いまだ大きな存在感があるのに、「さよなら」と言われてしまうのは、とても切ないものがあります。「さよなら」に感嘆符と「僕らのソニー」をつけているので、さらに切ないタイトルですが、実際、本書を読んでいると、どんどん切なさが込み上げてきます。
著者は、小学生の頃の自分とソニー商品との個人的な関わりから話を始めます。家電商品は生活に密着しますし、その中で、とりわけAVというのは感情的な部分とリンクするだけに、いろいろな思い入れをしてしまうものですが、そこにあったのが特徴的なソニー商品となると、思いも一層つのるのかもしれません。
私も、初めてのボーナスで初めて買ったミニコンポはリバティだったし(今だから言いますけど、当時、ビクターのミニコンポ・クリエーションV5の仕事をしていたにもかかわらず)、その後、CDウォークマンや8ミリビデオデッキなども購入したりしています。私は、ソニーファンではないのですが、強く惹き付けられてしまったのでしょう。

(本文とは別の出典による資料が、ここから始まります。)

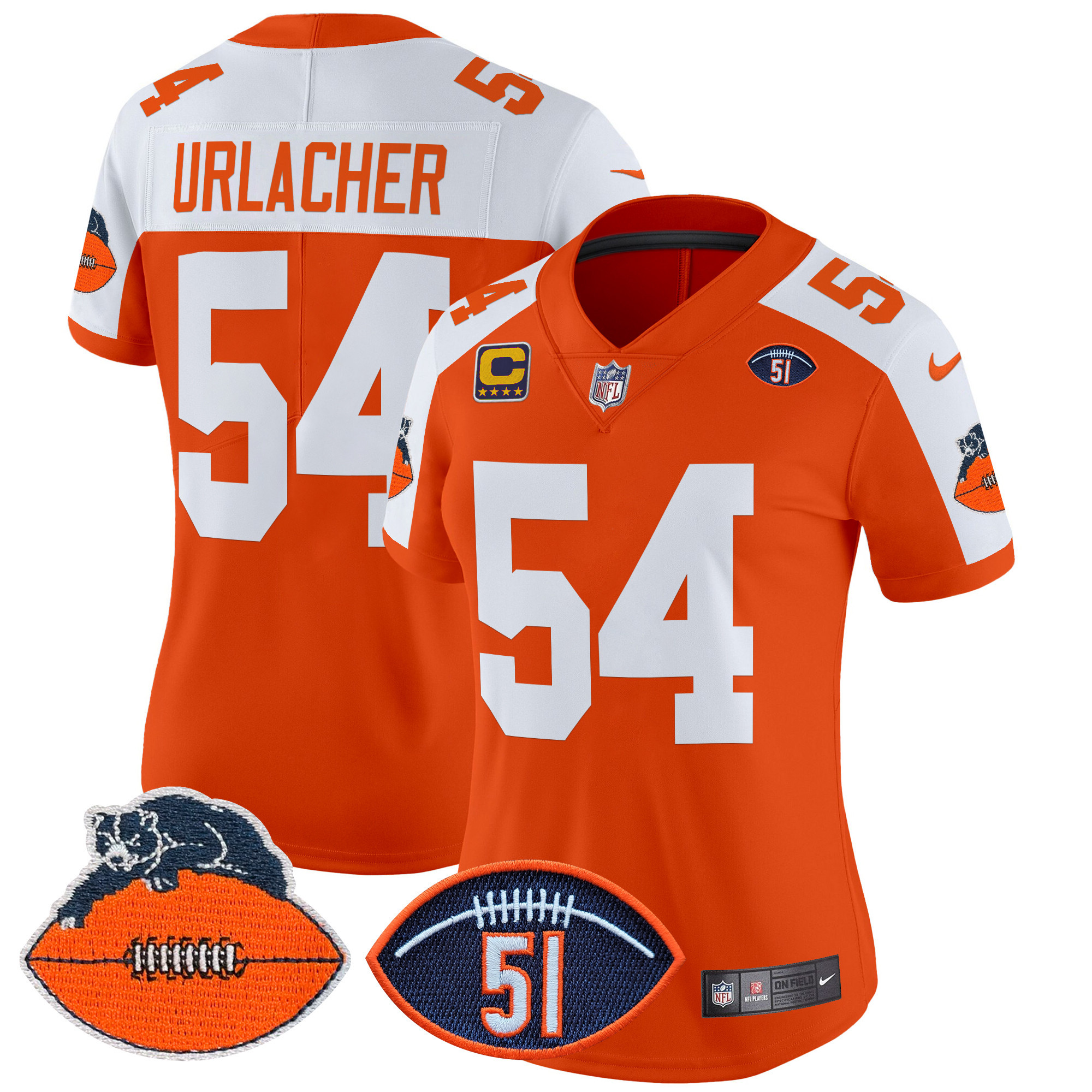 D.J. Moore Women’s Chicago Bears Dick Butkus Patch Throwback Vapor Limited Orange Alternate Jersey – All Stitched
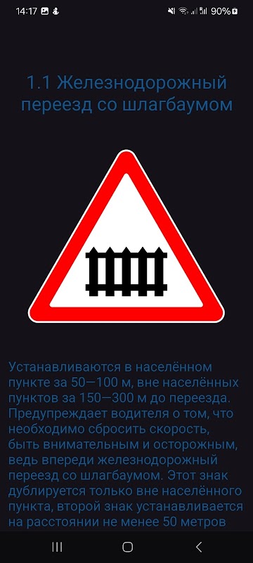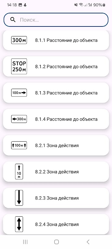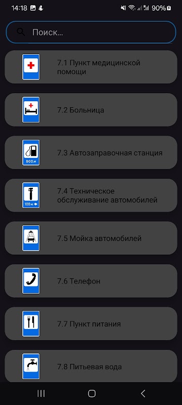 L'applicazione contiene un elenco, nomi, immagini, descrizioni di tutti i segnali stradali
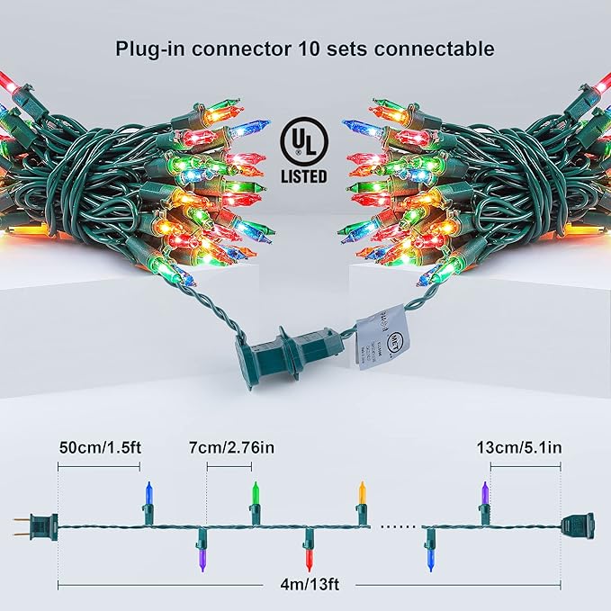 - 🎄Connectable Christmas Lights: Multicolor string lights can be End-to-End connected. Up to 10 sets,lighting range can be extended to 130ft. With this convenient function,you can do the DIY decoration on any occasions: shopping street, Christmas, music festival, birthday party, graduation party, garden, deck, bedroom.
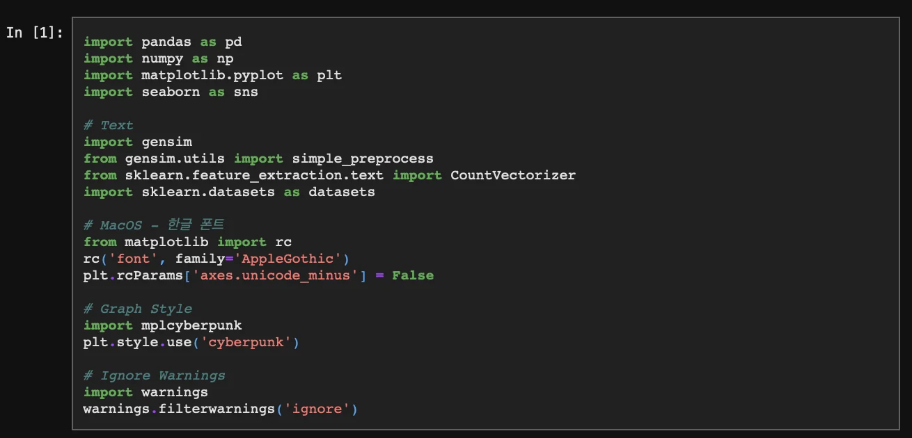 우리는 이러한 컨셉의 프로세스에 따라 1.문서를 단어 조합으로 가공하고, 2~5.문서 내 각 단어들의 의미를 부여한 다음, 6.문서의 토픽을 결정해보도록 하자.
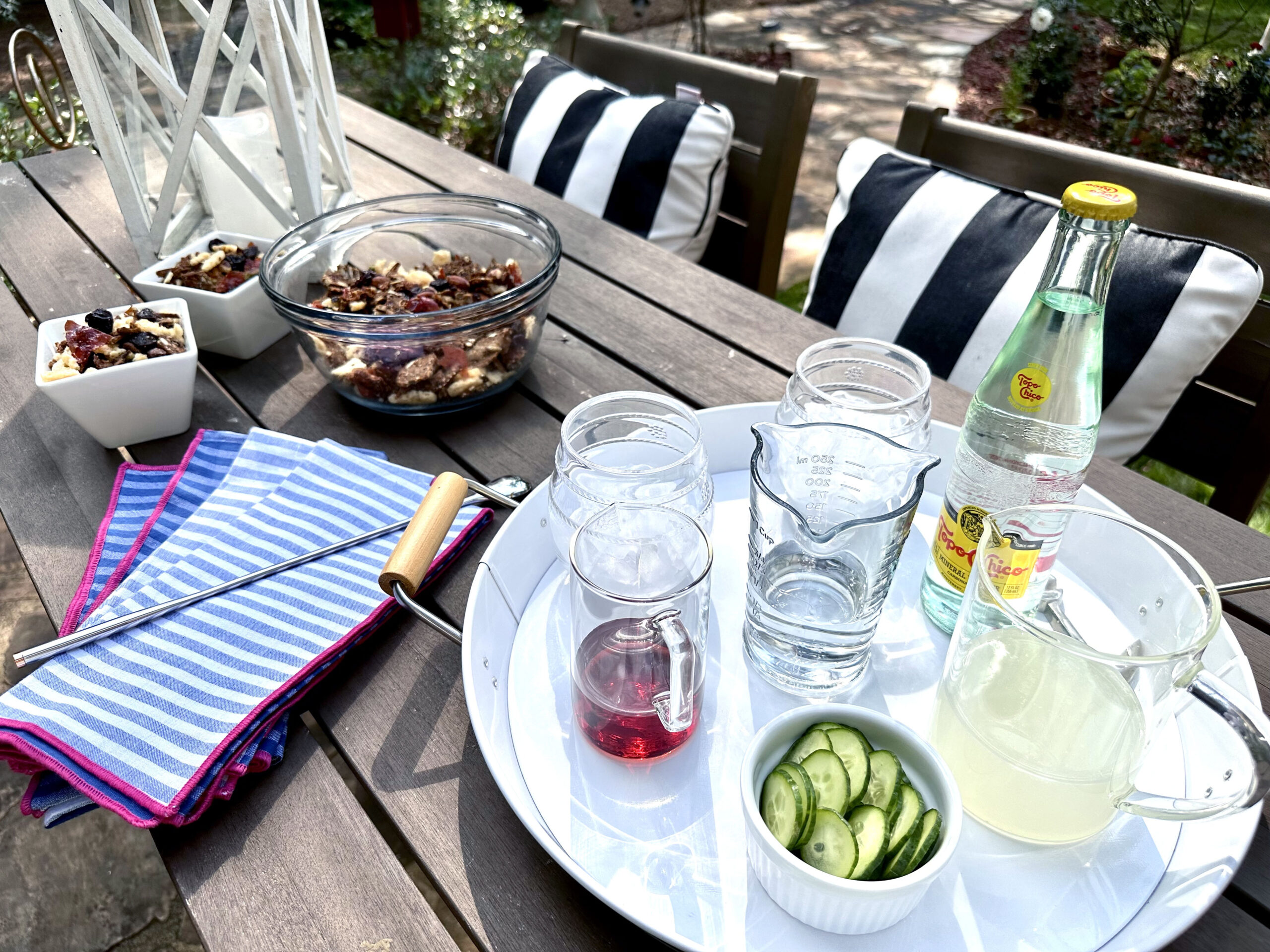 Similar Napkins | Juliska Acrylic Stemless Wine Glasses | Similar Serving Tray | Similar White Serving Tray | Square Appetizer Bowl Set | Glass Measuring Pitchers | Glass Mixing Bowl

著者は、私より格段とソニーに個人的に思い入れがあるようです。であるだけに、出井体制以降のソニーのあり方に対して、切ない感情を持ちながら書いているような本になっています。
本来、プロの物書きであれば、冷静な目線で書くべきなのでしょうが、著者は感情的な部分を交えながら書いてみたかったという意図を感じる、そんな本になっています。
本書の記述に従って、一言で出井体制以降のソニーを分析してしまうと、ソニーの強みを活かしながら、ネットワーク時代に乗れなかったということでしょう。ネットワーク社会におけるソニーの「エレキ」のあり方を提示し、強みを活かし、実行しながら、ネットワークに乗るというやり方ができなかったのです。

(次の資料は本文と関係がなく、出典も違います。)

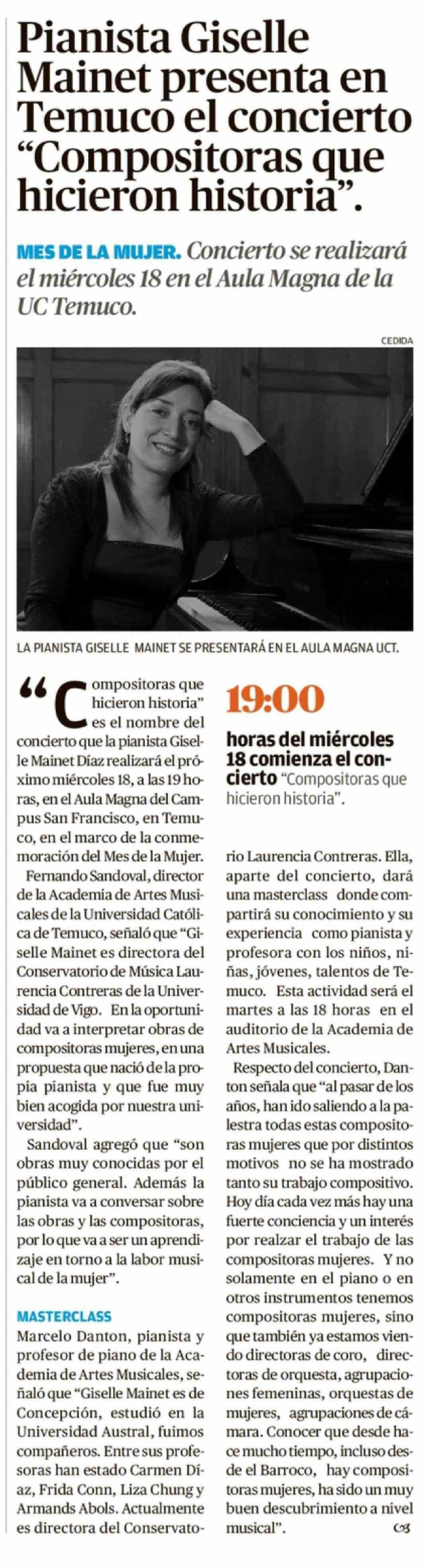 Pianista Giselle Mainet presenta en Temuco el concierto "Compositoras que hicieron historia".
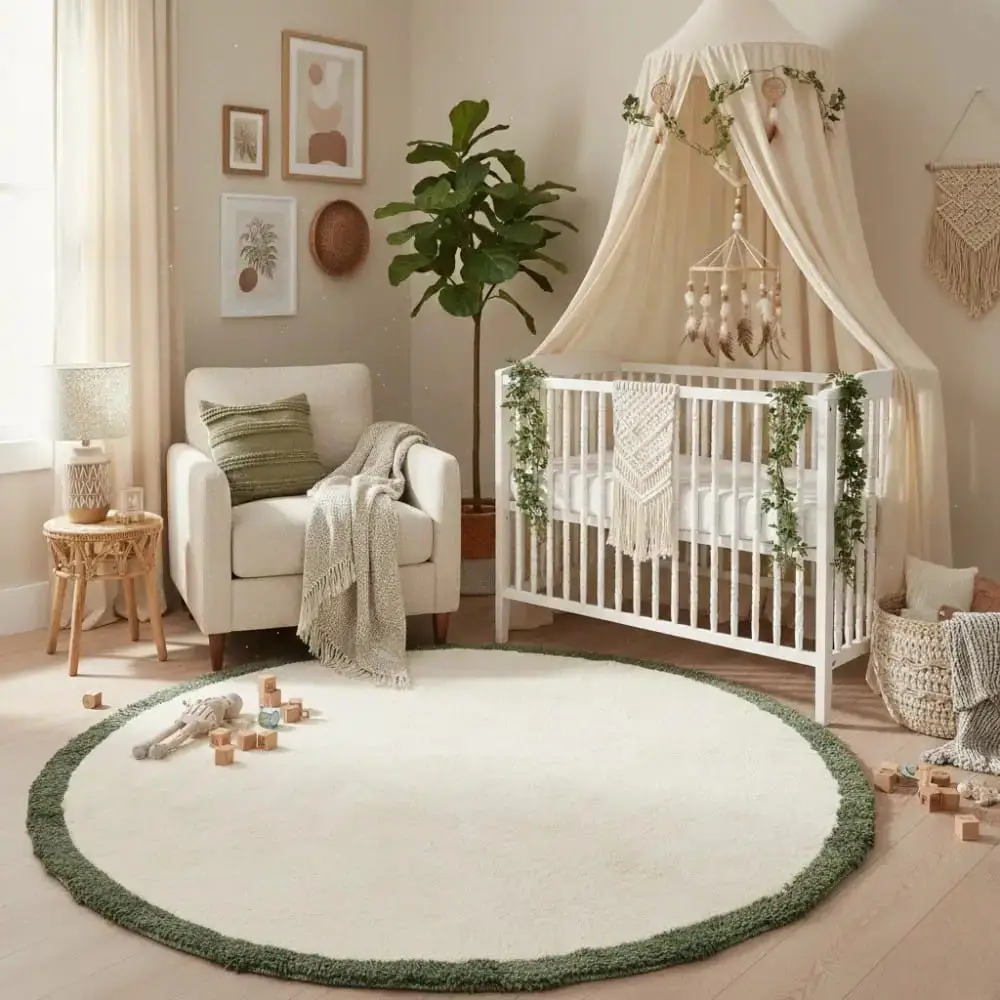 Functional Art: While traditional Beni Ourains are typically rectangular, this round design is a stunning adaptation that creates a grounding, organic focal point in nurseries, bedrooms, or living spaces.
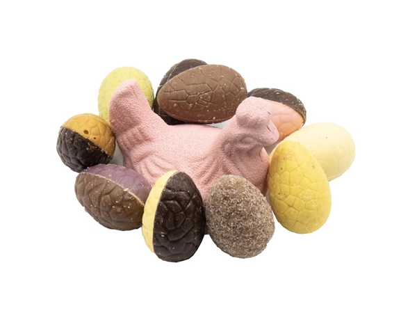 Kip van melk chocolade met diverse eitjes.
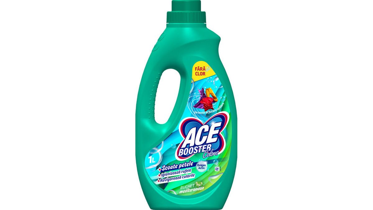 Solutie pentru indepartarea petelor Ace Booster Colors, fara clor, buchet mediteranean, 1 l
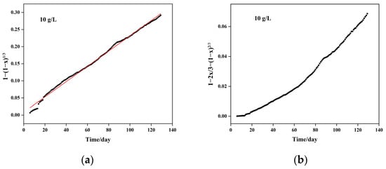 Magnesium column leaching kinetics under H2SO4 of 10 g/L: (a) 1 − (1 − x)1/3; (b) 1 − 2x/3 − (1 − x)2/3.
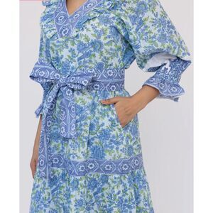 NWOT ISLA PAYAL Cornwall Maxi - Mughal Garden Blue, $218 XS no belt
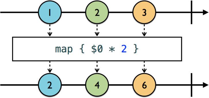 - .map dùng trong các trường hợp đồng bộ (synchronized), không phải chờ. Tức là mỗi khi nhận vào một element thì việc biến đổi element này ngay lập tức sẽ được thực hiện. Từng element sẽ được biến đổi tuần tự thông qua operator map.
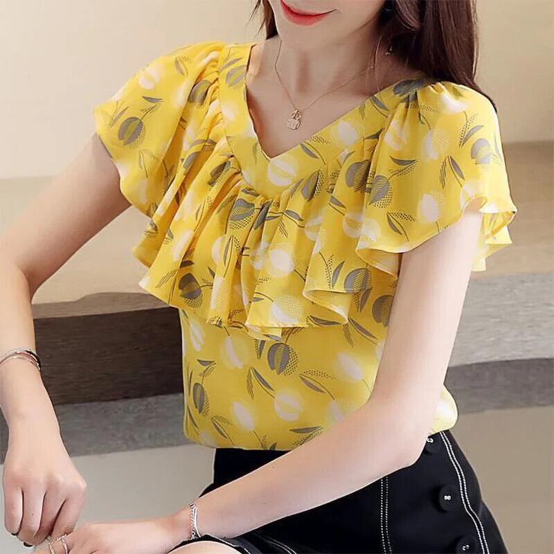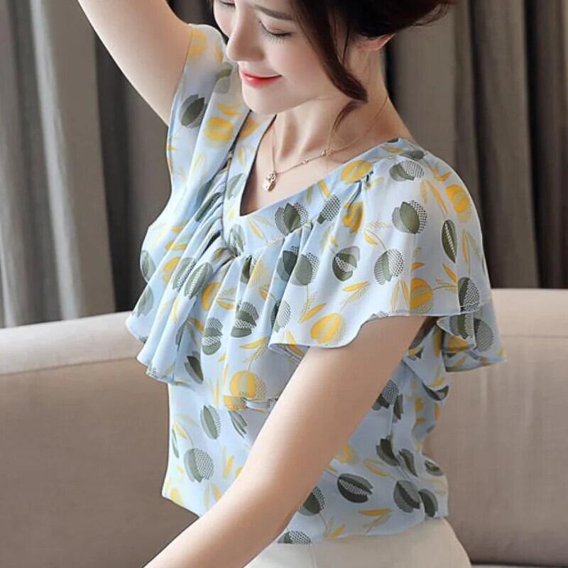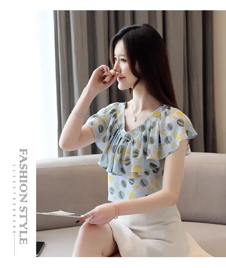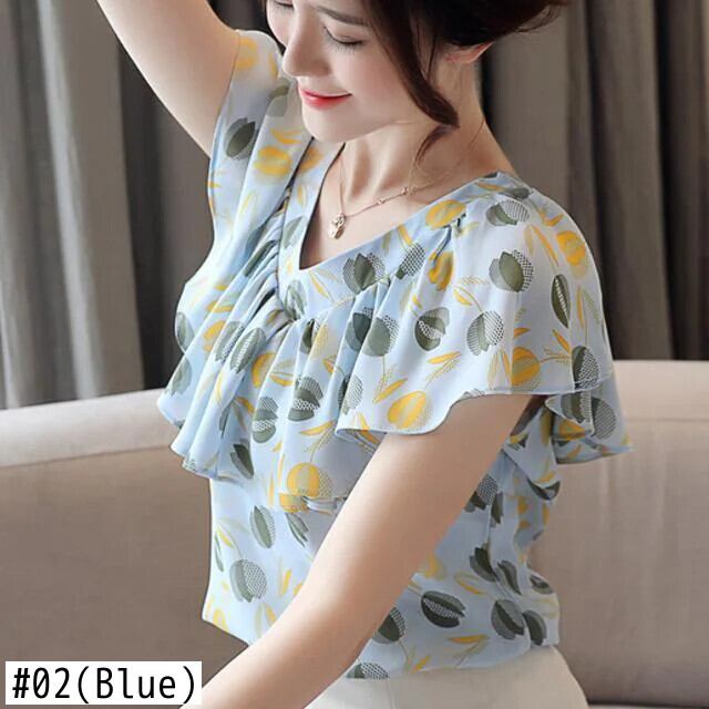 送料無料 ヴィンテージプリント V ネックルーズバタフライスリーブ夏シフォンシャツ半袖プルオーバー女性ブラウス ショート ハーフスリーブ サマー 夏物 Vネック ビンテージ AE1288776631181907379

大賀はネットワーク時代を読みきれず、出井はネットワークにこだわりすぎてソニーの本分であるエレキの強みを忘れ、ストリンガーにいたっては、モノづくりを軽視しているということが本書からは読み取れます。
ソニーの本分はメーカーであり、いくらネットワーク時代とはいえ、モノづくりに軸足をおいた事業を展開すべきであって、その軸がぶれ続け、現在に至っているということです。
会社の規模が大きくなりすぎてしまったという原因もあるようです。「ほかの人と同じことをしない」という独創性への志向は薄れ、多くの社員が食べていける売れる商品を作るという考え方への変化。そうなってしまうと、もはやソニーではありません。

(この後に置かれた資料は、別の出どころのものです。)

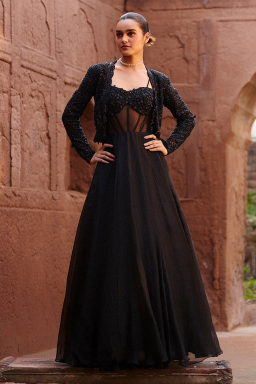 A captivating black corset gown adorned with intricate embellishments, accompanied by a short jacket boasting stunning embroidery and meticulous cr...
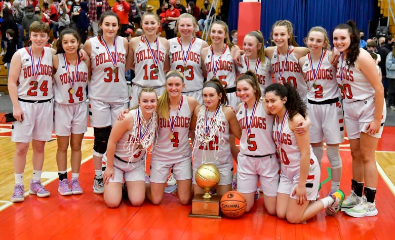 The Bulldogs beat Stearns 57-42 for the Class C state championship Saturday night at the Augusta Civic Center. Hall-Dale finishes its season with a perfect 22-0 record, while the Minutemen finish 16-4.
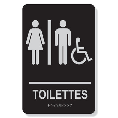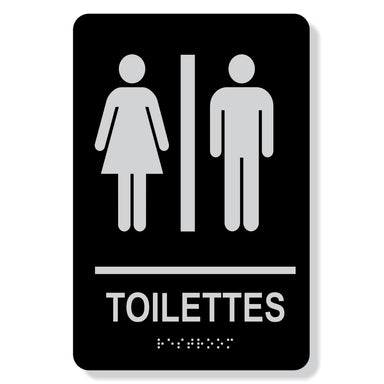 6" X 9" Toilettes sign Black non glare finish with silver tactile text Tactile text and pictogram with Grade 1 Braille option Made to Canadian Sta...
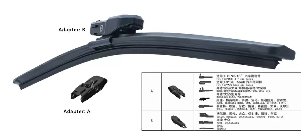 01:Wiper design Integrated design of guide wing and rubber strip. 02:texture of material The memory steel sheet imported from Belgium, which is the same as the original factory of Dr. Valeo, adopts POM material for the top cover to firmly fix the wiper shrapnel, and the brush head connector adopts high-strength alloy plastic, which is safe, stable, wear-resistant and durable. 03:Wiper adapter There are 13 brush heads in total, which are 95% similar to the height and shape of the original wiper, meet 99% of the special models, and reduce the special inventory of special vehicles. 04:surface coating Coated with anti UV powder, efficiently improved weatherability of wipers. 05:Wiper strip The independently developed wiper strip has high and low temperature resistance: – 40 ~ 80 ℃, ozone resistance: 50pphm * 40 ℃ * 20% elongation * 72h.The surface of Teflon is fluorinated and silent. After layer by layer test and verification, it has superior performance and durability. |

トリニトロンで一世を風靡したテレビ事業も影が薄れ、ウォークマンが開拓した携帯音楽市場も、今やアップルに奪われてしまいましたが(今は、アップルの音楽ビジネスも定額ストリーミングサービスにおされていますが)、そうなった原因も本書を読むとわかるように思います。
製品、市場がどんどん失われ、そして、優秀な技術者たちまでが続々とソニーを離れていってしまいました。いろいろな意味で、本書の『さよなら! 僕らのソニー』というタイトルとおりになってしまったのです。
ソニーの社員や元社員、関係者、ソニーファンは本書をどう読むのでしょうか?
感情的にならず、ソニーをもっと客観的に見れる人にとって本書は、後継者選びの難しさ、時代を読み戦略を立てることの難しさ、そして、優秀な人の能力の限界という、いろいろなことを考えさせられるものになっています。